Se l’uomo conosce se stesso solo nel momento del pericolo possiamo dire – lei scrive – che l’uomo conosce se stesso solo nel momento in cui si innamora. Allora l’amore è un pericolo?
È un pericolo in questo senso: che è nell’innamoramento che noi siamo capaci di atti delinquenziali. Cioè, anche le persone più corrette, quelle che fanno una vita normale possono essere smantellate e pronte a delinquere pur di non perdere l’oggetto d’amore. Questo è uno dei problemi più tragici della vita d’un uomo. Esempio: uno che non dice mai bugie, incomincia a dirle in quel momento. Prenda l’innamoramento nell’ambito di una famiglia: lei o lui si innamora di un’altra persona: se è stata sempre una persona corretta diventa scorretta per forza. E lo diventa subito.
Nell’amore c’è sempre la perdita momentanea dell’io?
Certo. È una specie di ubriacatura ed è bellissima. E chi ce l’ha se la mantenga.
Il pié nell’amorosa pania lei deve avercelo messo spesso…
Beh, sì, mi ci sono trovato molte volte. Un libro del genere non si può scrivere se non si passa attraverso una elaborazione personale di questa esperienza.
Si può amare più volte a forti tinte con la sensazione ogni volta di non aver mai provato nulla di simile?
Sì, perché si cresce e allora se il mio cervello cresce io sono un po’ diverso e posso dar vita a qualcosa di diverso. Mentre è difficile pensare a un fenomeno del genere se io rimango sempre lo stesso.
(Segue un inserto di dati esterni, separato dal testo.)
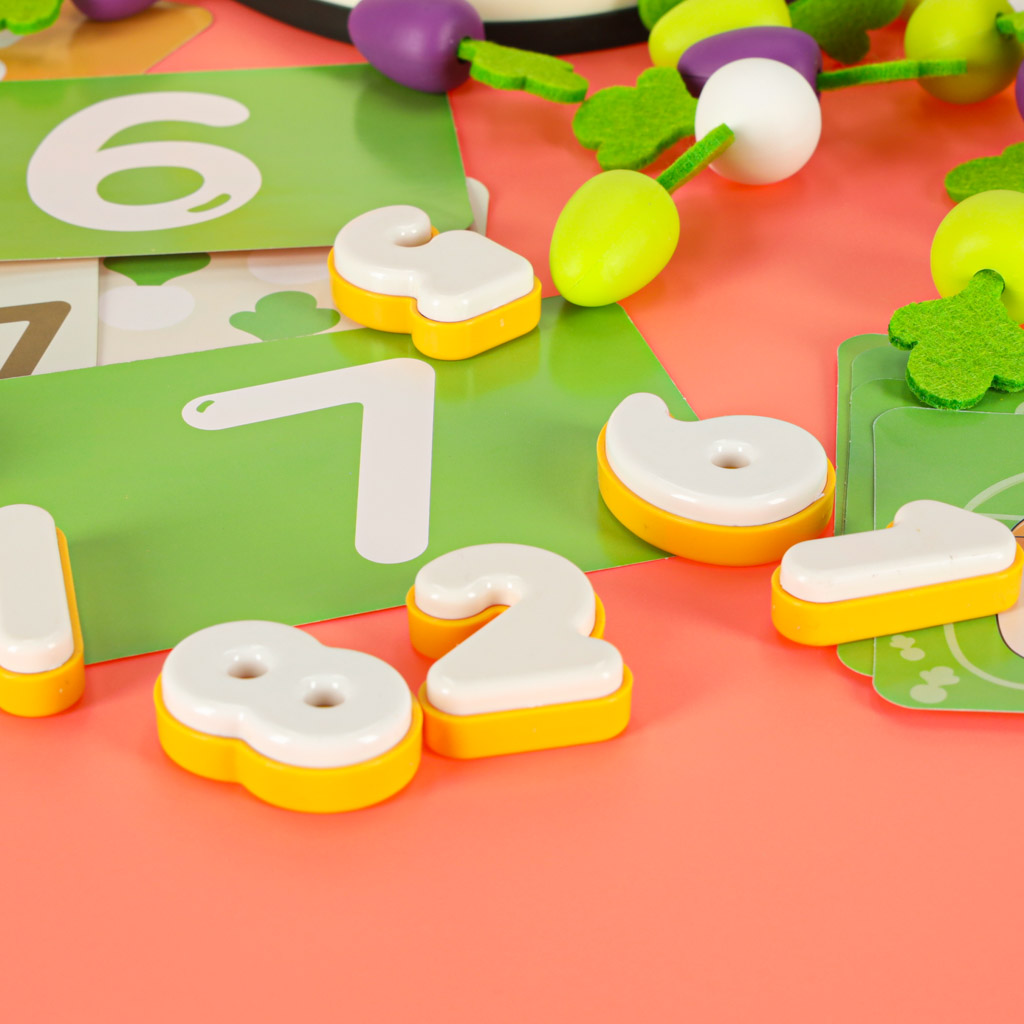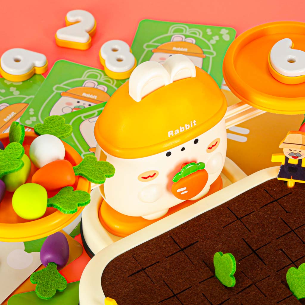 Spetsiaalselt kujundatud aukudega laud võimaldab lapsel harjutada täpsust – porgandite sisestamine ja eemaldamine arendab käelist osavust, samal ajal kui mäng “kes koristab saagi kiiremini” toob kaasa tervisliku konkurentsi.

Cioè la mia esperienza che cresce su se stessa mi apre delle dimensioni che magari un anno fa non avevo e allora la nuova dimensione che io apro si poggia su una piattaforma maggiore e come tale capace di vivere a forti tinte la nuova esperienza che non è una ripetizione, è qualcosa di nuovo.
L’idea che ci facciamo d’ogni cosa, è cagione che tutto ci deluda. Sono versi di Cardarelli. Anche della persona che amiamo ci facciamo spesso un’idea che non corrisponde al vero…
Ed è necessario che sia così. È un’illusione che però ci permette di andare avanti.
È vero che amor che a nullo amato amar perdona?
Questo io non l’ho mai capito bene. Che cosa voleva dire il poeta? Che se c’è una grossa intensità da parte di uno anche l’altro cade? Io non ho mai visto un caso del genere, non è una cosa comune. Io vedo una bella ragazza e… Chissà, forse voleva dire un’altra cosa. Per quanto il testo è inequivocabile. Questo non mi ha mai convinto!
Lei riporta versi di grandi poeti nel suo libro…
L’esperienza amorosa arriva a dei vertici per i quali il linguaggio comune non può mai esprimere quello che vuole e allora si serve del linguaggio metaforico. E gli unici che sanno fare questo sono i poeti. Ecco perché mi sono servito nei momenti cruciali di versi di grandi poeti.
Temere l’amore è temere la vita?
Certo. Significa non vivere. Non c’è nessuna giustificazione per rinunciare all’amore.
Intervista di Mariagiovanna Maioli Loperfido.